Why by default setting to null an object that isn't supposed to be null?
Now extending this question even more
string nonNullableString = null;
int nonNullableInt = null;
The compiler gives a warning for the 1st line which could be transformed into an error with a simple configuration in our .csproj file: <WarningsAsErrors>CS8600</WarningsAsErrors>.
And it gives a compilation error for the 2nd line as expected.
So the behavior between non-nullable value types and non-nullable reference types isn't the same but this is acceptable since I can override it.
However when doing that:
string nonNullableString = null!;
int nonNullableInt = null!;
The compiler is completely fine with the 1st line, no warning at all.
I discovered null! recently when experiencing with the nullable reference type feature and I was expecting the compiler to be fine for the 2nd line too but this isn't the case. Now I'm just really confused as for why Microsoft decided to implement different behaviors.
Considering it doesn't protect at all against having null in a non-nullable reference type variable, it seems this new feature doesn't change anything and doesn't improve developers' lives at all (as opposed to non-nullable value types which could NOT be null and therefore don't need to be null-checked)
So at the end it seems the only value added is just in terms of signatures. Developers can now be explicit whether or not a method's return value could be null or not or if a property could be null or not (for example in a C# representation of a database table where NULL is an allowed value in a column).
Beside that I don't see how can I efficiently use this new feature, could you please give me other useful examples on how you use nullable reference types?
I really would like to make good use of this feature to improve my developer's life but I really don't see how...
Thank you
You are very confused by how programming language design works.
Default values
The default value of an (non-nullable) integer has always been 0 but to me it doesn't make sense a non-nullable string's default value is null.
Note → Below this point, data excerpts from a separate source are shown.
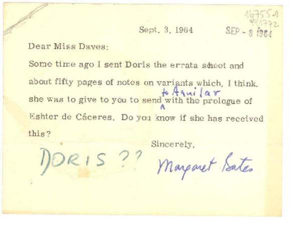 [Tarjeta] 1964 Sept. 3, Washington D. C., [EE.UU.] [a] Dear Miss Daves [manuscrito] Margaret Bates.
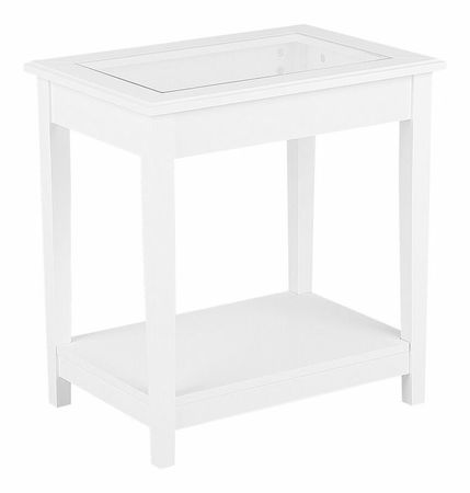 Tento univerzálny minimalistický stolík je skvelým kúskom do akéhokoľvek interiéru. Poslúži vám ako odkladací stolík vedľa pohovky v obývacej izbe alebo ako nočný stolík v spálni. Stolová doska z tvrdeného skla stolíku dodáva moderný vzhľad a možno na ňu umiestniť stolnú lampu alebo obľúbenú dekoráciu. Konštrukcia v bielom prevedení je vyrobená zo spracovaného dreva a jej čisté línie nádherne doplnia interiéry v tradičnom a vidieckom štýle.
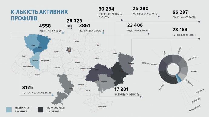 "Перше місце за кількістю активних профілів "Вконтакте" займає Донецька область. Друге - Дніпропетровська. Третє – Київ", - йдеться в опублікованому 27 березня дослідженні громадської організації "Інтерньюз-Україна".
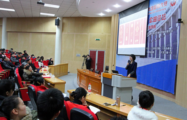 论坛上,我校经管学院院长刘莉在致辞中简要介绍了我校总体概况,并对近年来我校学生参加全国高校市场营销大赛的总体情况作了简单介绍。我校学生已连续参加了两届比赛,均取得了不俗的成绩——在第四届大赛中,取得了团体本科组二等奖;在第五届大赛中,取得了团体销售一等奖及策划一等奖、个人营销精英奖、学校优秀组织奖等诸多荣誉。
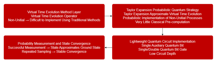 然而,虚时间演化算符本身是非幺正的,这与量子计算机只能自然实现幺正演化的物理约束形成了根本冲突。已有研究通常依赖复杂的经典预处理,例如变分优化、辅助子空间构造或多层参数搜索,这不仅显著增加了算法实现成本,也削弱了量子算法本身的优势。在这一背景下,微算法科技从算法基本形式出发,重新审视了虚时间演化在量子电路中的实现方式,提出了一种基于泰勒展开与概率测量机制的全新量子算法框架。
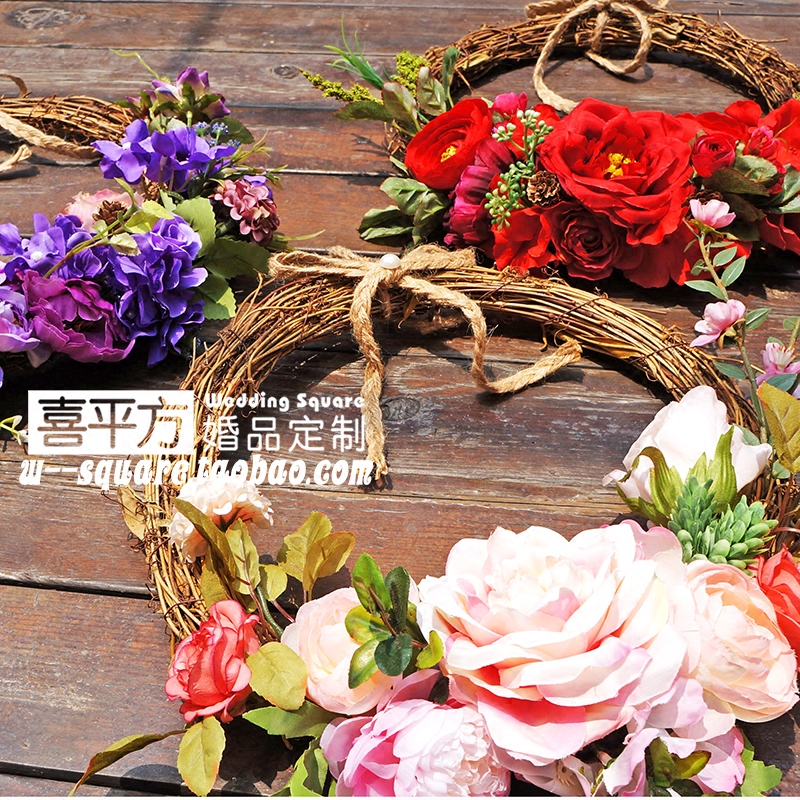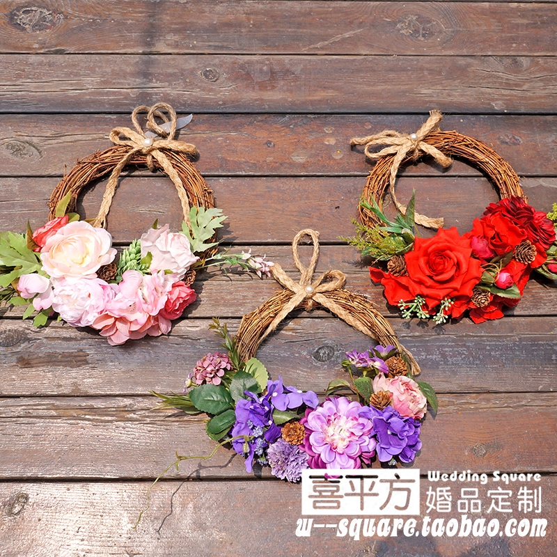 American Country Garden Pension Walls Decorated Wedding Room Door - anti - real - wreath shop window decoration
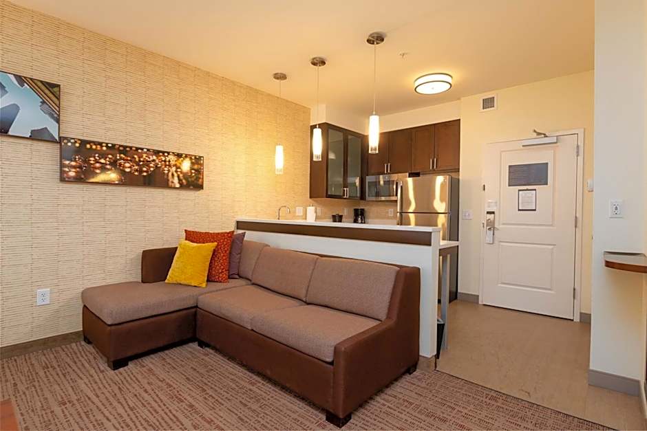 The hotel offers One-Bedroom Queen Suites, King Studios, and King Studios with a Sofa Bed. The One-Bedroom Queen Suite is a suite with a size of 484 sqft and can accommodate 6 adults and 5 children. The King Studios have a size of 334 sqft and can accommodate 4 adults and 3 children. All rooms are non-smoking and have either queen or king size beds.
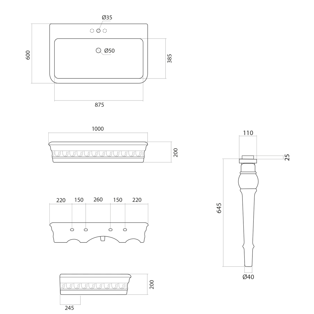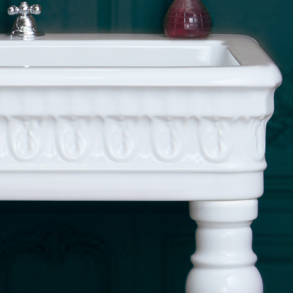 Konsolenwaschbecken aus weißer Keramik, handgefertigt durch eine 100% Made in Italy-Produktion . Dieses majestätische und imposante Einrichtungsaccessoire mit klassischem und raffiniertem Design entspringt dem Wunsch, eine Lösung zum Leben zu erwecken, die sowohl in klassischen Räumen als auch in Umgebungen mit moderner Einrichtung eine perfekte Harmonie schafft, in der es einen ungewöhnlichen Kontrast für ein kreatives und originelles bildet Wirkung .
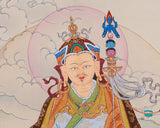 Guru Rinpoche, also known as Padmasambhava, holds a unique and unparalleled place in Tibetan Buddhism for his transformative role in introducing Vajrayana teachings to Tibet. Revered as the Lotus-Born Master, he is said to have miraculously emerged from a lotus flower, symbolizing purity, enlightenment, and divine wisdom. In this thangka, he is portrayed in a dynamic yet tranquil posture, embodying his power and compassion. His right hand holds a five-pronged vajra, symbolizing his control over nature's forces and his ability to eliminate ignorance. In his left hand, Padmasambhava holds a skull cup with a vase atop, representing the transmutation of worldly attachments into sacred offerings and the alchemical process of spiritual transformation.
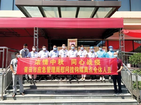 市应急局还积极协调福建省人民防空协会,送来210份中秋月饼,向所有医务人员、隔离人员、工作人员,送上节日问候和诚挚敬意,感谢他们逆风而行,守护一方平安。面对疫情,市应急管理局心系一线奋战的志愿者和医护人员,为“逆行者”撑起温暖“大后方”,同心协力打赢疫情防控歼灭战。
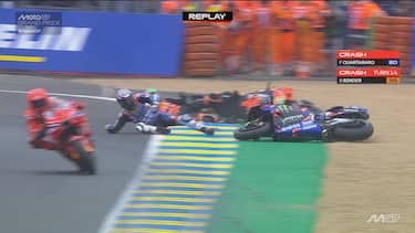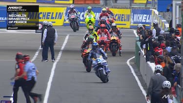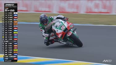 - A Le Mans torna a piovere e i piloti con le slick iniziano a far fatica. Ad avere la peggio sono Quartararo e Binder, scivolati mentre si trovavano rispettivamente al 2° e 3° posto.
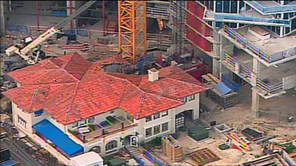 The gracefully curving Paramount Bay condominium tower on Bayshore Drive was originally designed to wrap around an iconic Mediterranean Revival house. Spanning the width of a full city block, Paramount Bay is a residential tower that bends in a quarter circle thrusting out to the bay. The house was famed for appearing in the movie ‘There’s Something About Mary.’ The exterior scenes in the movie, shot on Bayshore Drive, show just how much the neighborhood has changed, from a low-scale enclave of single-family homes to one of towering residential palisades.

Why this choice? This is completely against non-nullable principles we've always been used to. I think the default non-nullable string's default value should have been String.Empty.
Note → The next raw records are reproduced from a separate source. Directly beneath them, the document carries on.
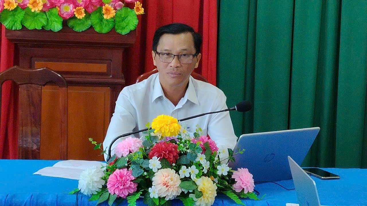 Ông Đào Văn Phi, Phó Chủ tịch UBND xã Phú Hữu dự hội nghị tại điểm cầu xã
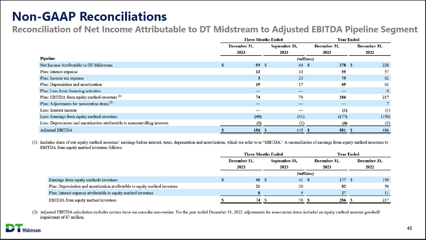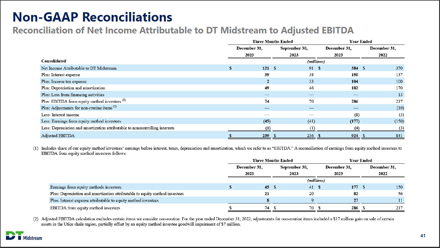 Non-GAAP Reconciliations Reconciliation of Net Income Attributable to DT Midstream to Adjusted EBITDA Three Months Ended Year Ended December 31, 2023 September 30, 2023 December 31, 2023 December 31, 2022 Consolidated (millions) Net Income Attributable to DT Midstream $ 121 $ 91 $ 384 $ 370 Plus: Interest expense $ 39 $ 38 $ 150 $ 137 Plus: Income tax expense 2 33 104 100 Plus: Depreciation and amortization 49 46 182 170 Plus: Loss from financing activities - - - 13 Plus: EBITDA from equity method investees (1) 74 70 286 217 Plus: Adjustments for non-routine items (2) - - - (10) Less: Interest income - - (1) (3) Less: Earnings from equity method investees (45) (41) (177) (150) Less: Depreciation and amortization attributable to noncontrolling interests (1) (1) (4) (3) Adjusted EBITDA $ 239 $ 236 $ 924 $ 841 (1) Includes share of our equity method investees' earnings before interest, taxes, depreciation and amortization, which we refer to as "EBITDA." A reconciliation of earnings from earnings from equity method investees to EBITDA from equity method investees follows: Three Months Ended Year Ended December 31, 2023 September 30, 2023 December 31, 2023 December 31, 2022 (millions) Earnings from equity methods investees $ 45 $ 41 $ 177 $ 150 Plus: Depreciation and amortization attributable to equity method investees 21 20 82 56 Plus: Interest expense attributable to equity method investees 8 9 27 11 EBITDA from equity method investees $ 74 $ 70 $ 286 $ 217 (2) Adjusted EBITDA calculation excludes certain items we consider non-routine. For the year ended December 31, 2022, adjustments for non-routine items included a $17 million gain on sale of certain assets in the Utica shale region, partially offset by an equity method investee goodwill impairment of $7 million. DT Midstream 41
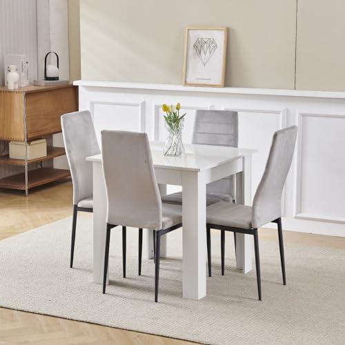 Homullel 110cm Dining Table and 4 Chairs, 4 Seater Kitchen Table and Chairs Set for Space Saving, Compact Dining Room Set for 4, 110x70 cm, Wooden, White (4 Seaters, Flannel Grey)
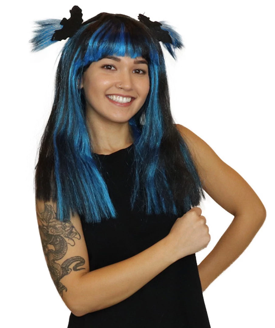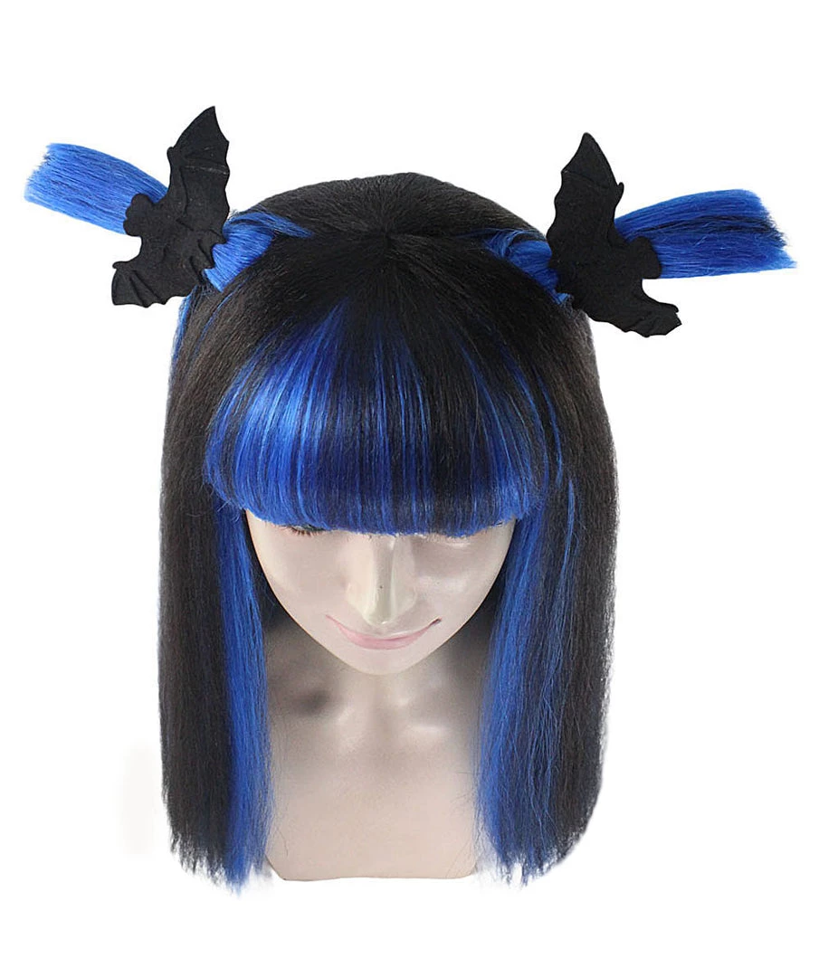 HPO Bat Black And Blue Wig | Medium Bob Cosplay Halloween Wig | Premium Breathable Capless Cap Women’s

Default values for variables are a basic feature of the language that is in C# since the very beginning. The specification defines the default values:
For a variable of a value_type, the default value is the same as the value computed by the value_type's default constructor ([see] Default constructors).
For a variable of a reference_type, the default value is null.
This makes sense from a practical standpoint, as one of the basic usages of defaults is when declaring a new array of values of a given type. Thanks to this definition, the runtime can just zero all the bits in the allocated array - default constructors for value types are always all-zero values in all fields and null is represented as an all-zero reference. That's literally the next line in the spec:
Initialization to default values is typically done by having the memory manager or garbage collector initialize memory to all-bits-zero before it is allocated for use. For this reason, it is convenient to use all-bits-zero to represent the null reference.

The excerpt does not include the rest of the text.